Он может лишь отчасти перевоплотиться в другого, побыть в его шкуре и в этом смысле похож на несчастного, привившего себе бациллу тяжелой болезни, чтобы испытать ее свойства.
Примерять шкуры таких героев, как шекспировские злодеи или секретари обкомов из нынешних пьес, — то же самое, что носить вериги или ранить нежную кожу власяницей. Только мученик при этом страдает во имя Всевышнего, а актер во имя самого себя или во имя черта, что, впрочем, одно и то же (так, отец Александр?).
Поэтому Глеб Савич не переносил восторженных разговоров людей, завидующих сладкой жизни актеров. Порой он подумывал даже, а не бросит ли сцену, но без театра не мог бы существовать, хотя и признавался в этом без всякой гордости и зазнайства. Лишенный сцены, Глеб Савич превратился бы в капризного брюзгу, сварливого зануду, истеричного скандалиста, с которым и час пробыть трудно. Он встречался с актерами, в старости покинувшими сцену, и это были самые тяжелые, невыносимые старики.
Во всех газетах трубили, что надо обращаться к зрителю с вопросами, которые ставит сама жизнь, и Глеб Савич в ответ на это лишь покачивал головой и скептически улыбался: пой, птичка, пой.
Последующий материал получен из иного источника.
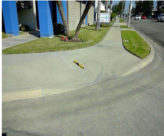
Curb Ramp , Landings and Transitions : Top Landing Clear Length - Landings

Code Reference ADA 406, 406.4,CA 11B-406.5.3
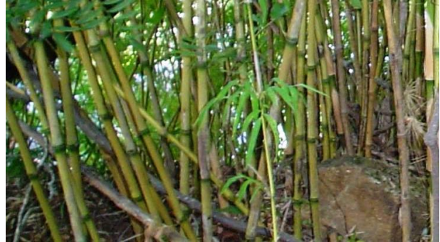
Figure 1.- Colihue ( Chusquea culeou )

Colihue is a straight growing bamboo which does not branch (fig 1.). It grows to a height of up to 6m with an average cane diameter between 13 and 16mm [5]. In its chemical composition lignin represents 23.9% and cellulose 72.4% [5]. Currently colihue is used in Chile as garden canes, for furniture making and as a decorative internal finish for walls and ceilings. The canes are also used for placing dynamite charges in mining installations, this being the most common use of colihue in Chile with the state copper mining company CODELCO ordering 800.000 canes per year [6]. Prices range from $60 Chilean pesos for canes 1m in length up to $800 pesos for widths greater than 25mm. Although colihue is sold commercially it is not cultivated, instead it is collected wild from forests with machetes, with between 100 and 200 canes being harvested per day depending on cane stem width [6].
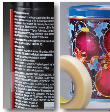
Attach applicator tube to aerosol can with Scotch® Transparent Film Tape 600.
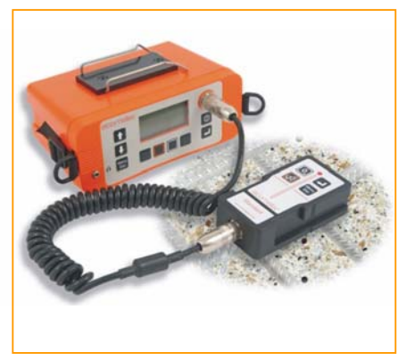
Elcometer 331<sup>2</sup> Covermeter with Stainless steel and Half-Cell
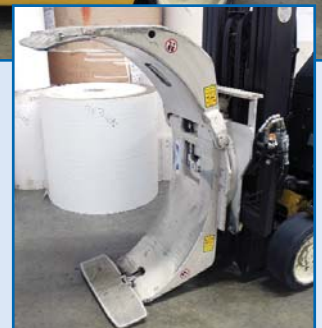
SS CRG+CASCADE PAPER ROLL CLAMP, MODEL 25F-RCF-06A, 37.5"
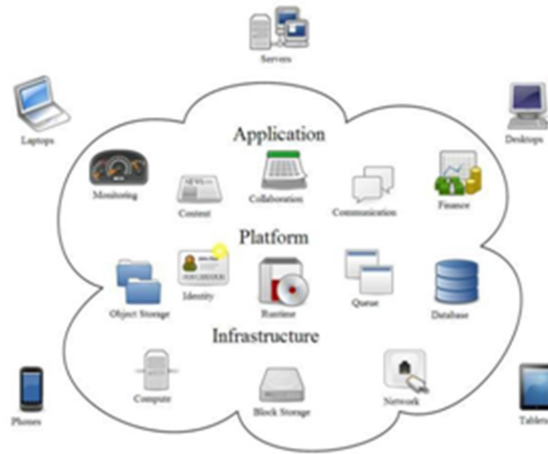
Figure 1. Cloud Computing Architecture
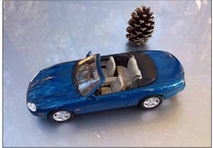
Our distinguished panel of judges will select winners in each category from these finalists. Winners will be announced in March.
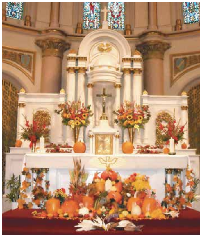
Autumn, Thanksgiving, and the harvest were the themes for this decor on the altar using pumpkins and fall flowers. Donations account for most of the flowers used throughout the year.
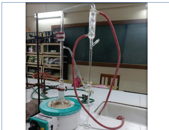
[Table/Fig-3]: Steam distillation.
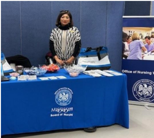
Madison County Job Extravaganza February 2025

С вопросами-то у нас все в порядке, но вот к жизни у Глеба Савича было сложное, не выясненное до конца отношение. Его преследовала мысль, что, если жизнь понимать напрямик, такой, какая она есть не в поверхностном и случайном, капризном, прихотливом выражении, а в глубинной сути, то никакого искусства не понадобится, оно будет выглядеть смешным и жалким. Искусство произошло из слабости человеческой, из недопонимания жизни и недостатка веры, которые тоже требуют для себя каких-то форм, не четких и ясных, как формы истины, а слегка затуманенных, смутных и расплывчатых.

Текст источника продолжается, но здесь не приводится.